玉相瑶记得,他曾给自己说过,那箭镞是专门设计的,只要插入皮肉便会榨取血液,从外面丝毫看不出来有什么,如今,只有这一个法子了。

        “青柯,我往后退一步,你站在我侧方,不论我做什么,你都不要动,知道吗?”玉相瑶眼中布满血丝,是死是活就看这一次了。

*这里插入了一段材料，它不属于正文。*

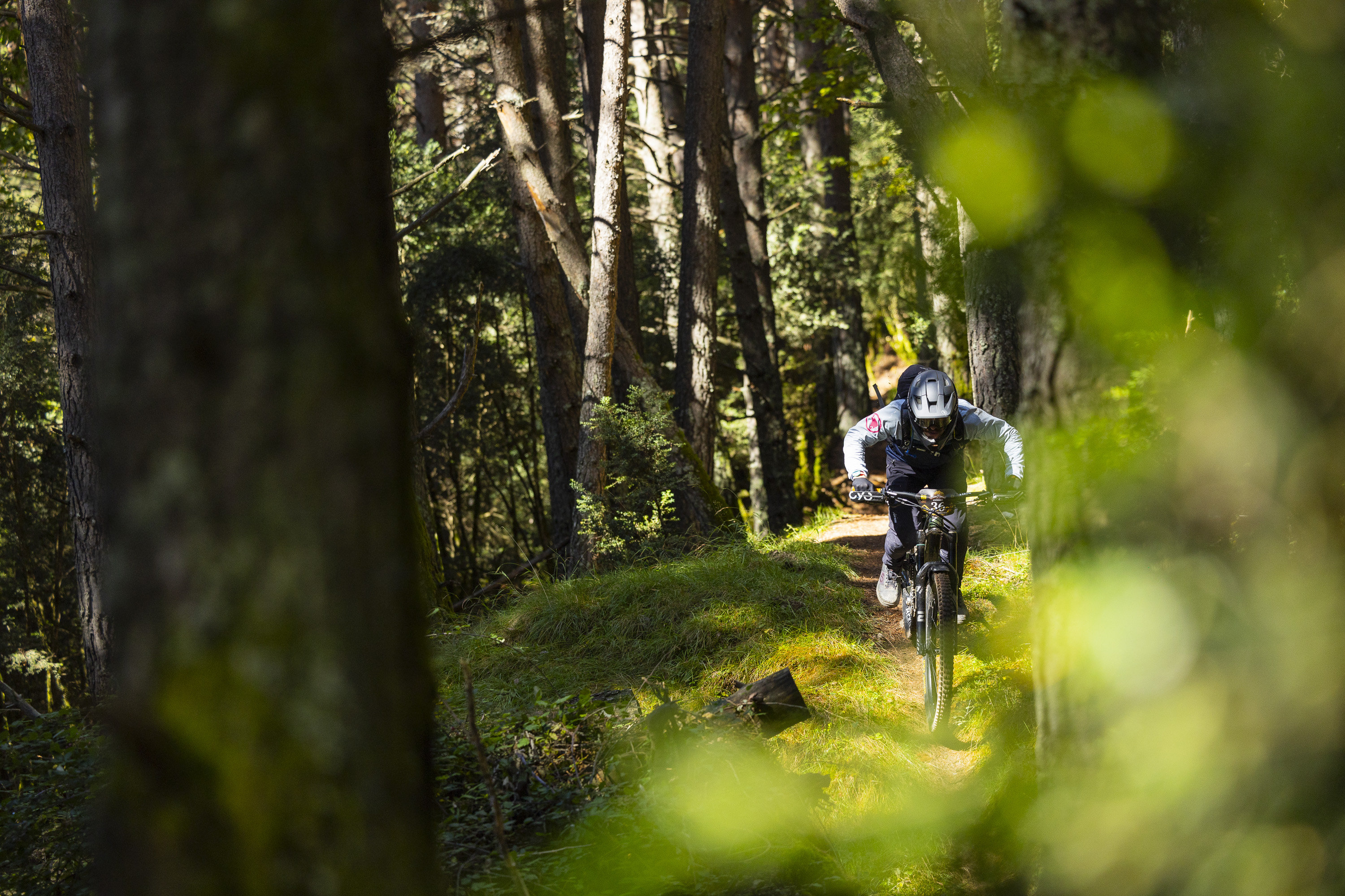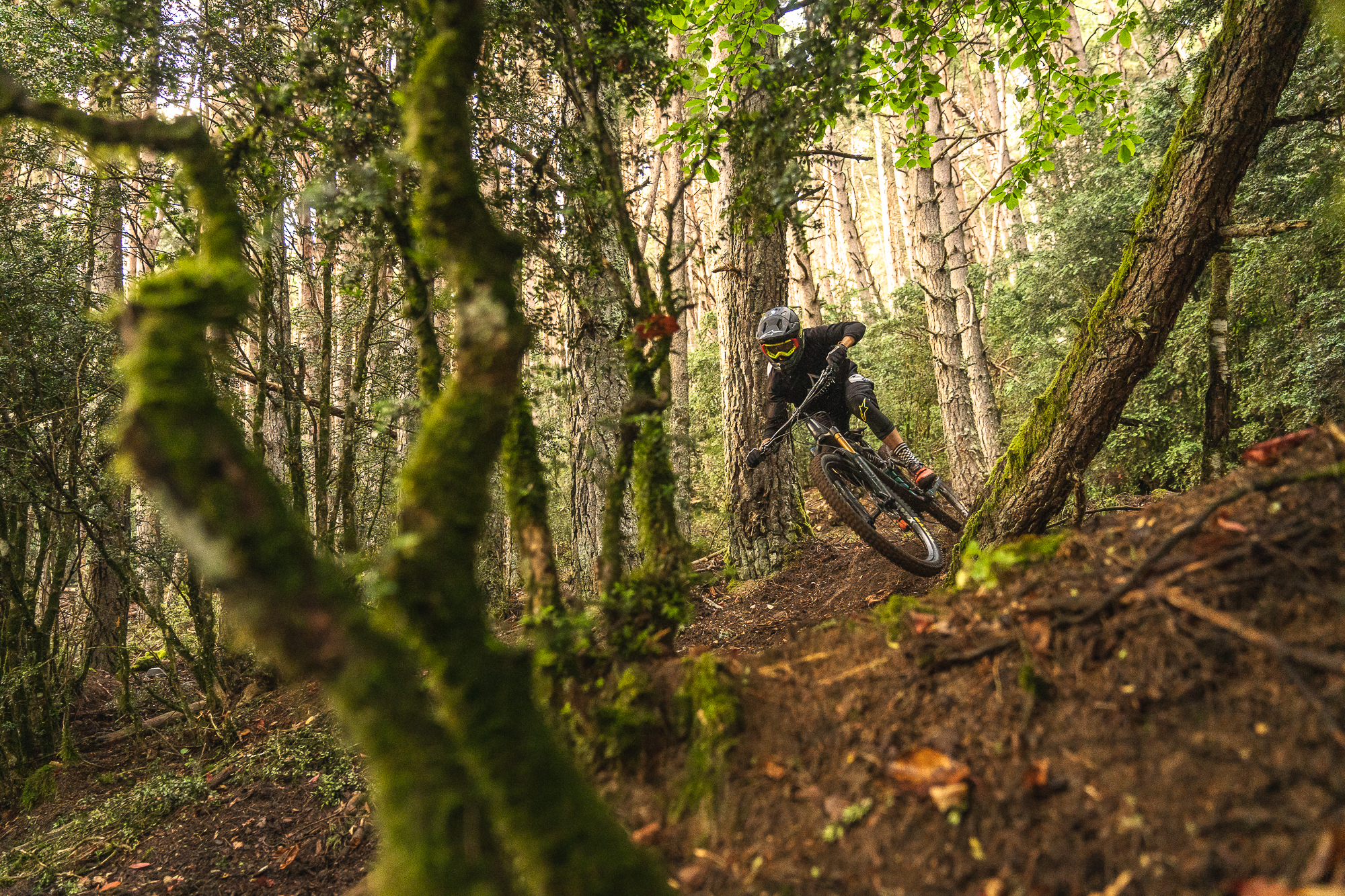 Drop below treeline and everything changes. The trails become grippier and more supportive, perhaps even slightly more forgiving. The dark, moisture-rich soil provides so much traction that berms often feel unnecessary, especially compared to the loose, unpredictable surface above.

        青柯悄悄移动着步子,就这么轻微的一个动作,那蛇似乎找到了目标,朝着她们的方向缓慢的扭动,已经没有退路了。

        玉相瑶把弓箭从墙上取下来,箭镞上寒光四射,玉相瑶深吸一口气,猛然将那箭镞插在自己的大腿之上,剧烈的痛几乎让神经紧张的她快要昏厥,可她还是咬牙忍住。

        这箭镞果然和他说的一样,玉相瑶忍着彻骨的痛把那箭镞给拔出来,皮肉连着翻滚而出,青柯闻见血腥味不敢回头。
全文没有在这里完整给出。